The pictures are classified using the average hash
algorithm, which converts them into a bit sequence of 0s and 1s. They are then compared using the Hamming distance
, which measures how many bits are common between two pictures. A detailed description can be found at this link.
The average hashes of all ordinals are stored in a JSON
file. Example data can be seen in average_hash_example.json
.
NOTE: we use JSON file instead of a "normal DB" because we need to always loop through all the data inside, and it turns out it is much faster to load all data from JSON file than from some DB like sqlite3.

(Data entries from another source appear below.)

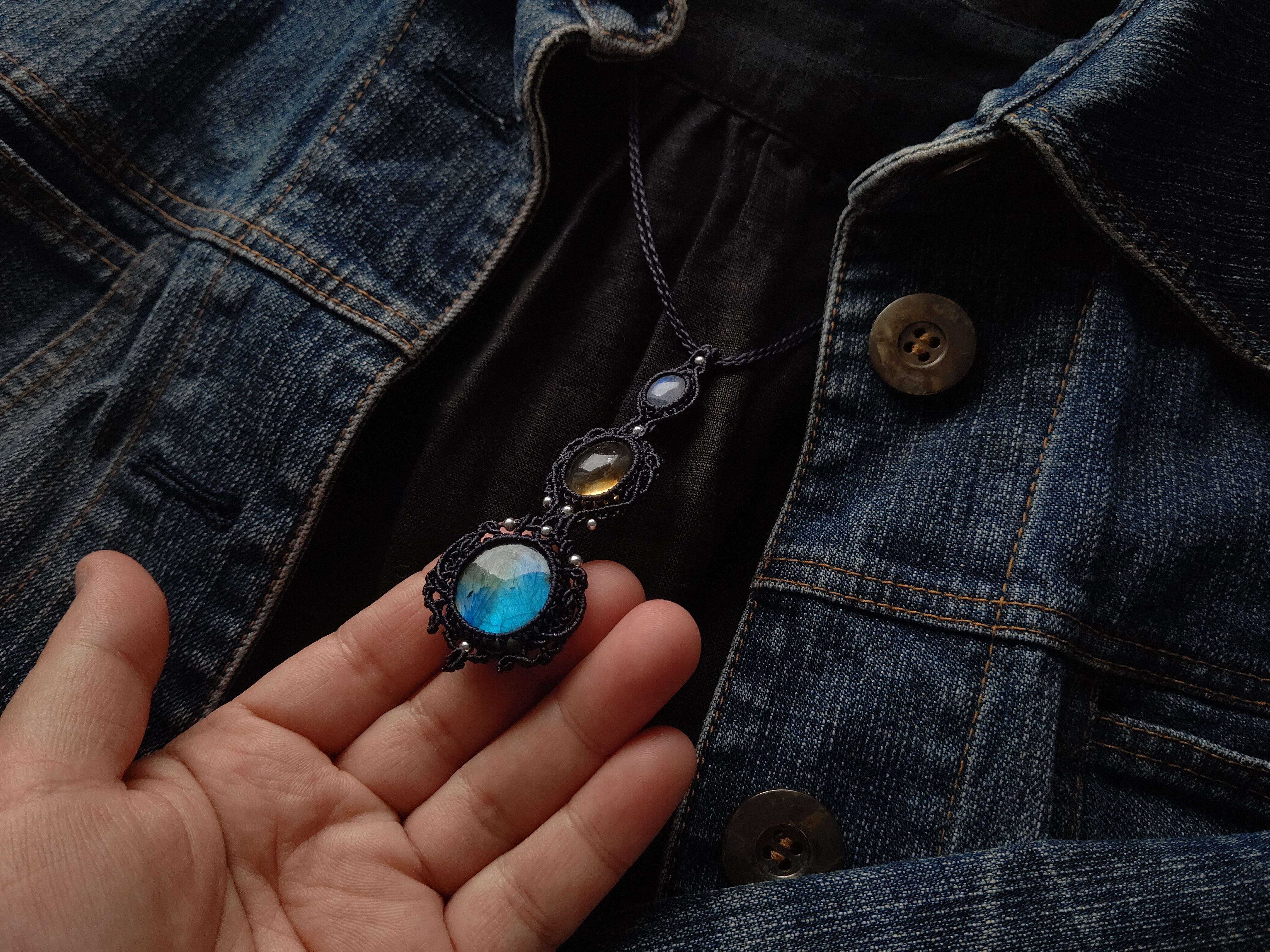シラーのとても美しいマダガスカラル産のラブラドライトとナチュラルシトリン、ホワイトラブラドライトを組み合わせ大ぶりで印象的なマクラメペンダントを製作しました。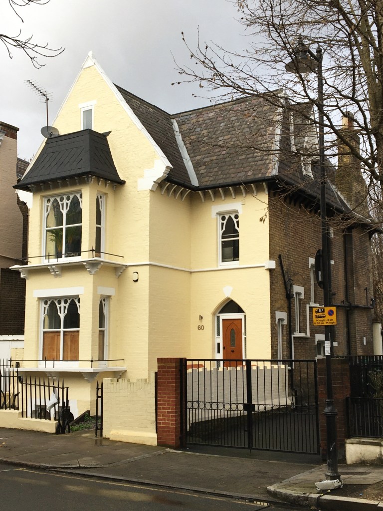However, what appears on the basis of map evidence to be the former manse survives intact at No. 60 Northchurch Road. It is a fairly typical mid-Victorian detached villa, slightly vamped up with details such as decorative glazing bars to the sash windows that form trefoils, elaborate kneelers to the main gable and deep eaves supported on curved brackets. This must have helped to give it visual unity with the Church in a neighbourhood otherwise consisting of houses with stucco classical and Italianate detailing. A report on an architectural exhibition in The Builder of 2nd April 1859 (pp. 229-230) mentions several views by Knightley, praised for being ‘cleverly sketched’, which are grouped under ‘works of actual execution’ and include ‘a parsonage, De Beauvoir Town’. On balance of probabilities and given that it cannot refer to the vicarage of the church of St Mary in the neighbourhood, this seems likely to constitute proof of his authorship.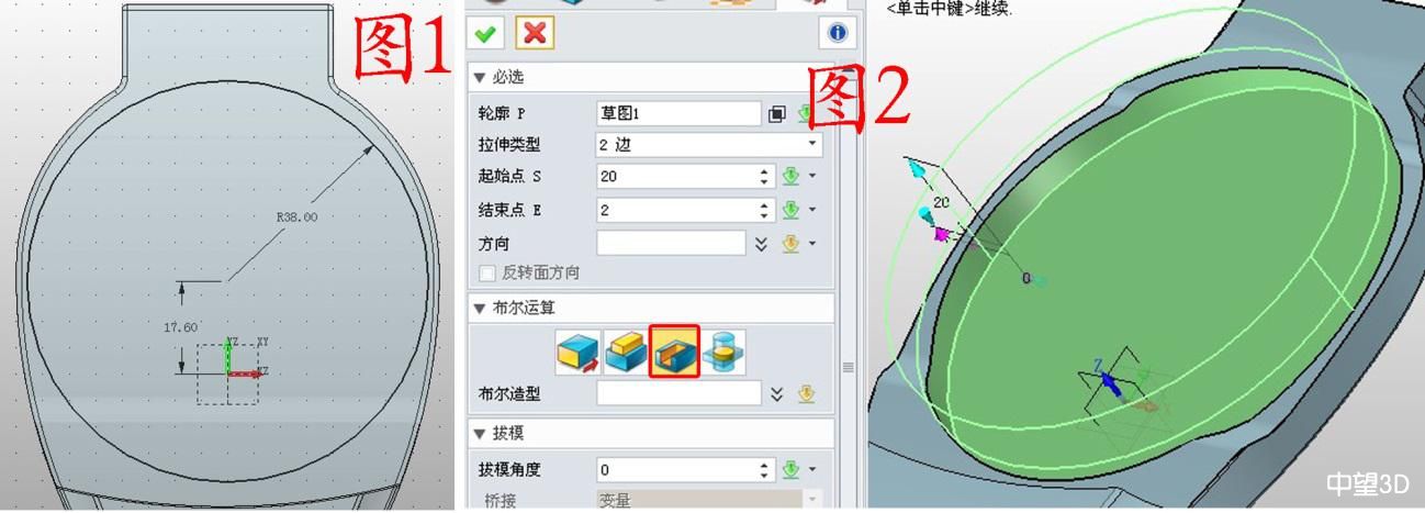1. 在左側“底座”組件上右擊,點擊“編輯”,快速進入編輯狀態。在XY面插圖草圖1,繪制圖1所示的圓,參數如圖;用拉伸的減運算拉伸草圖1,參數如圖2。

The main processing function is get_matches_from_data
in get_matches.py
. This function iterates through all the given average hashes and compares their similarity with the average hash calculated from the provided data - either an ordinal ID or the custom picture content. It returns a list of most similar ordinals, sorted by their similarity.
get_matches.py
also provides CLI
access to the function. See python get_matches.py --help
for more details.
The API is implemented in python
using the FastAPI
framework. On startup, it loads the average hashes from the JSON file into memory. Then, for each request, it provides this data to the above-mentioned get_matches_from_data
function and collects the result. Before returning the JSON
result to the client, it enriches the similar ordinals data with additional useful properties or links.
NOTE: The API actually calls the Rust
API, which provides much better performance. See the Rust server
section for more details.
The API includes multiple endpoints for similarity searches, which are defined in api.py
:
GET /ord_id/{ord_id}?top_n=N
- Returns the top N similar ordinal pictures for the given ordinal picture ID.
- The maximum value for
top_n
is 20, and it is optional. If not specified, it defaults to 20.
POST /file?top_n=N
- Returns the top N similar ordinal pictures for the uploaded ordinal picture, which should be included as a "file" form-data argument.
- Example usage:
curl -X POST -H "Content-Type: multipart/form-data" -F "file=@images/1.jpg" http://localhost:8001/file?top_n=10
top_n
is unlimited in this case, and is optional. If not specified, it defaults to 20.
For improved performance, the get_matches
functionality has also been implemented in Rust
, to speed up the similarity search.
similar_pictures
contains a Rust
binary and library for this purpose.
The connection to Rust
from python
is established in get_matches_rust.py
, which exposes the same CLI
interface as get_matches.py
. This connection is made possible by a Rust
shared library, residing under similar_pictures/target/release/libsimilar_pictures.so
.
Additionally, a standalone Rust
binary acting as CLI
is created, under similar_pictures/target/release/similar_pictures
. CLI
help can be seen by running ./similar_pictures/target/release/similar_pictures --help
. Its usage is similar to the python
version.
Both the Rust
library and binary utilize the common get_matches
function from similar_pictures/src/get_matches.rs
, which performs the same task as its python
version.
To build the Rust binary and library for your operating system, run cargo build --release
.
The approach with loading the average hashes into memory on server startup to serve requests much faster was also replicated in Rust
- in rust_http_server
.
It contains a (nonpublic) server with similar endpoints as the python
API - the only difference is that it does not accept file object, it needs to be given a file_hash directly.
It should not be used directly, but rather as a backend for the python
API. The connection is being established in rust_server.py
.